Audiophiles in Retreat? Nah.

San Francisco Stereo, on the corner of Market and Sanchez, has shut its doors. I could see that coming for the past year or so, but it’s kind of sad anyway. I peeked in the show window and saw a single lordly B&W 802D speaker standing in the midst of all the packing and disarray. Shock of recognition: several months ago I almost bought that speaker and its sibling, but I decided on the store’s pair of 803Ds instead, fearing that the 802D might overwhelm my listening room. (I was right. Fasolt & Fafner—I named them after giants for a reason—merely dominate the room.)

With SF Stereo’s extinction San Francisco is now reduced to only one Bowers & Wilkins dealer—Harmony AudioVideo in West Portal. Fortunately we still have plenty of fine hi-end audio emporia in town, especially AudioVision SF on Pine & Market, a playground for audiophiles if ever there were. I bought my NAD M3 amplifier from them, and they’ll be seeing me again.

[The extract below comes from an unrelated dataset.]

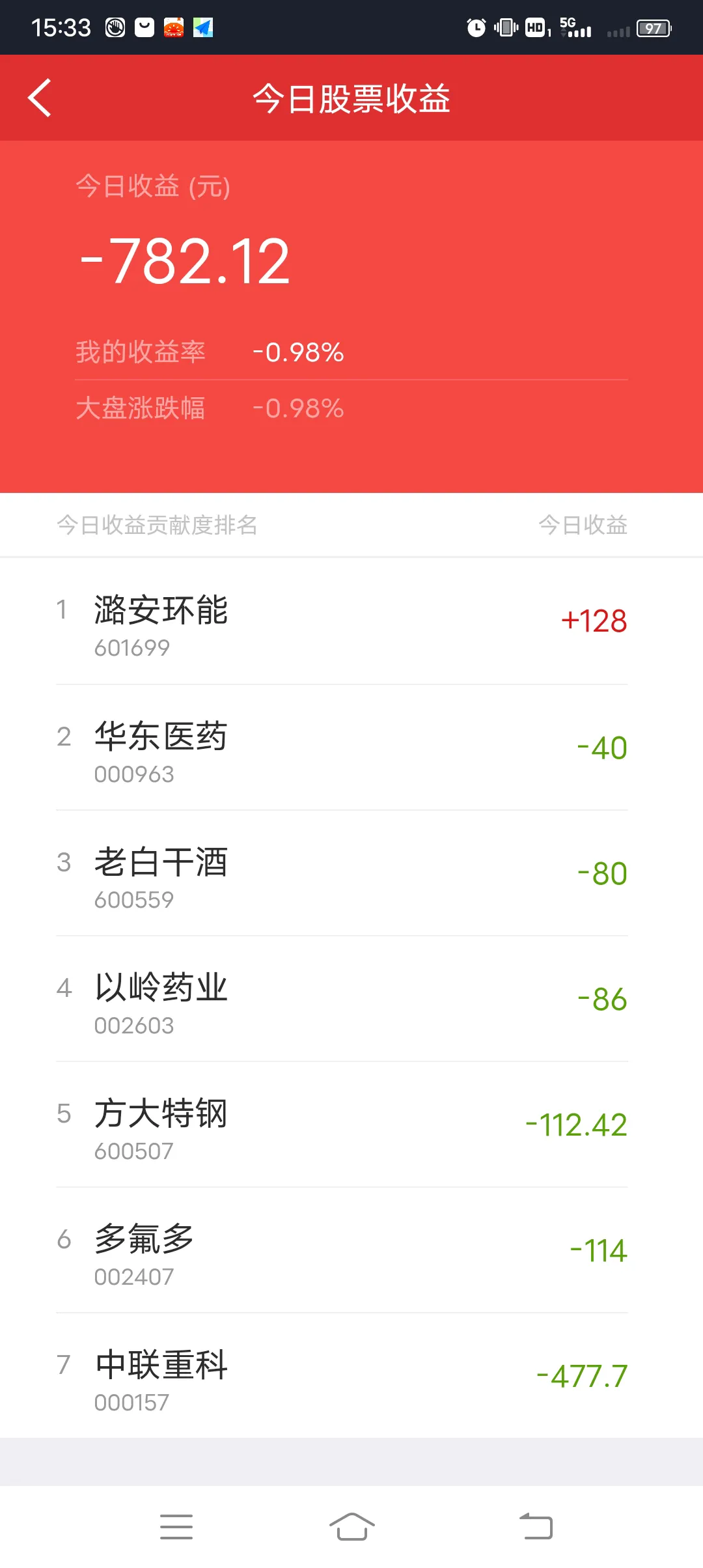 1.2022.2.14上证指数跳空低开,加速下跌0.98%,截止今天收盘我持有7只票,到下午收盘时1红6绿,但我却未清空手中的股票:具体原因如下:1.璐安环能,收盘价为13.07元,今日缩量上涨0.62%,今日收小星线,形成阳包阳的孕线形态.,显示多方力量正在逐步衰竭,但目前多方仍暂时占优,短期内存在股价回调的情形;2.华东药业,收盘价为36.06元,今日跳空缩量下跌0.55%,收小星线,下降趋势减缓,有止跌企稳迹象。

So a hi-fi store closes, but that doesn’t mean that the audiophile world itself is shrinking away to nothing. To be sure, the landscape is littered with the bones of once-proud, now-defunct manufacturers and dealers. But that’s the nature of the beast: hi-end audio equipment is specialized stuff, profit margins are invariably razor-thin, and not all companies survive although their products tend to soldier on for ages. (I owned a fine pair of Rogers LS7t speakers for several decades past the company’s dissolution, and those speakers are gracing a new owner’s home.)

A look through either Stereophile or The Absolute Sound—both leading audiophile mags—reveals a flourishing industry. Great stuff is available at all price points, and you can treat yourself to fine audio for less money than ever. And there is no shortage of surrealistically-priced ultra-high end stuff, either.

This NY Times article is weirdly confusing, in that it implies that iPods and their ilk have been hammering holes in the audiophile world. I just don’t see it, myself. The first tipoff that the article might have a wee slant is the accompanying pair of pictures: one shows a kid listening to an iPod via the standard white earbuds, and the other a $125,000 rig at an upscale hi-fi store. The pairing implies that the iPod is a threat to those Sonus Faber honeys at the upscale emporium. But that’s just plain silly; fine audio is no more threatened by iPods any more than it was threatened by transistor radios, car radios, boomboxes, or Walkmen.

Nor does fine audio require massive cash outlay. You can put together a really beautiful system for well under $2K, maybe even less.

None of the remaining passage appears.